Xtrain = sc.transform(Xtrain)
Xtest = sc.transform(Xtest)

print(f"Shape of train set is {Xtrain.shape}")
print(f"Shape of test set is {Xtest.shape}")
print(f"Shape of train label is {ytrain.shape}")
print(f"Shape of test labels is {ytest.shape}")

In the code block above, first, you dropped the target from the training dataset, and the replace the classes with 0 and 1. Notice you reshaped the y_label to a 1-D array. This is important when you start performing dot products. Next, you used the handy train_test_split function from sklearn to split the data into train and test set, with the test set taking 20 percent of the data. Finally, you standardized the dataset using the StandardScaler module of sklearn.

The Layers of a Neural Network

Now that you have downloaded and prepared the dataset, let’s start building the neural network to make predictions. To do that, you first, need to understand the concept of layers.

Remember when I said a neural network stacks multiple neurons together to build really large and complex mathematical functions? Well, the official name for it is a layer. The layer is a collection of nodes at different stages of computation in a neural network. Each node acts as a neuron and performs calculations on the data passed to it. Look at the illustration of a 3-layer neural network below:

Yeah I know, you see four layers—but in deep learning, you don’t count the first layer. The first layer is called the input layer, and the number of nodes will depend on the number of features present in your dataset. In our case, it will be 13 nodes because we have 13 features.

The final layer of the neural network is called the output layer, and the number depends on what you’re trying to predict. For regression and binary classification tasks, you can use a single node; while for multi-class problems, you’ll use multiple nodes, depending on the number of classes.

In this article, you’ll use a single node for your final layer, because you’re working on a binary classification task.

The layers between the input and the final layer is where the magic happens— these are called the hidden layers. The hidden layers can be as deep or wide as you want, and while a deeper network is better, the computational time also increases as you go deeper.

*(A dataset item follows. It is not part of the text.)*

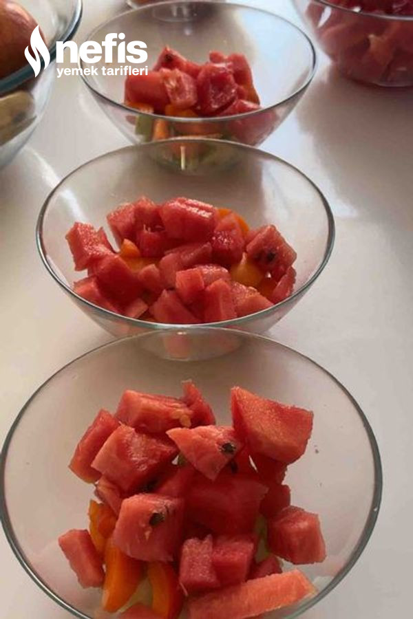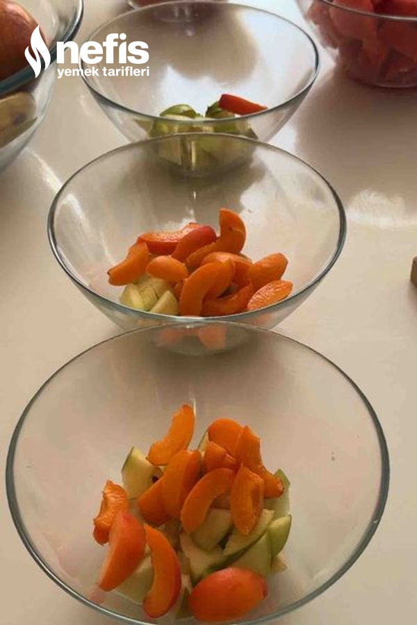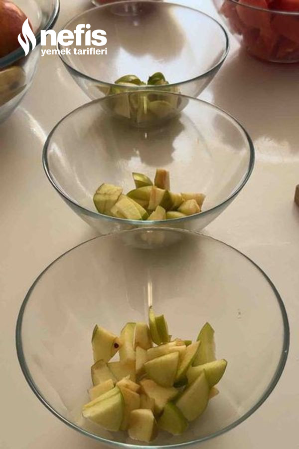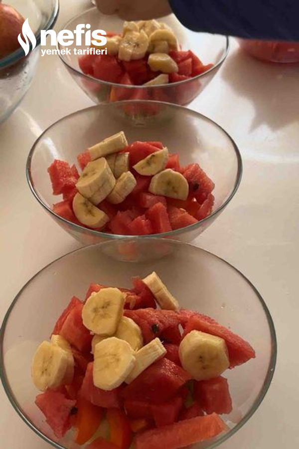 - Elmaları,karpuzu,muzları,kayısıları,çilekleri küp küp doğrayıp sunum kaselerine sırayla koyun.

In order to keep things relatively simple, you’re going to design and code a 2-layer neural network. Below is a preview of the architecture:

The neural net above will have one hidden layer and a final output layer. The input layer will have 13 nodes because we have 13 features, excluding the target. The hidden layer can accept any number of nodes, but you’ll start with 8, and the final layer, which makes the predictions, will have 1 node. Next, let’s talk about weights and biases that each layer must-have.

The Weights and Biases

Weights and biases are the learnable parameters that help a neural network correctly learn a function. Think of weights as a measure of how sure you are that a feature contributes to a prediction and the bias as a base value that your predictions must start from.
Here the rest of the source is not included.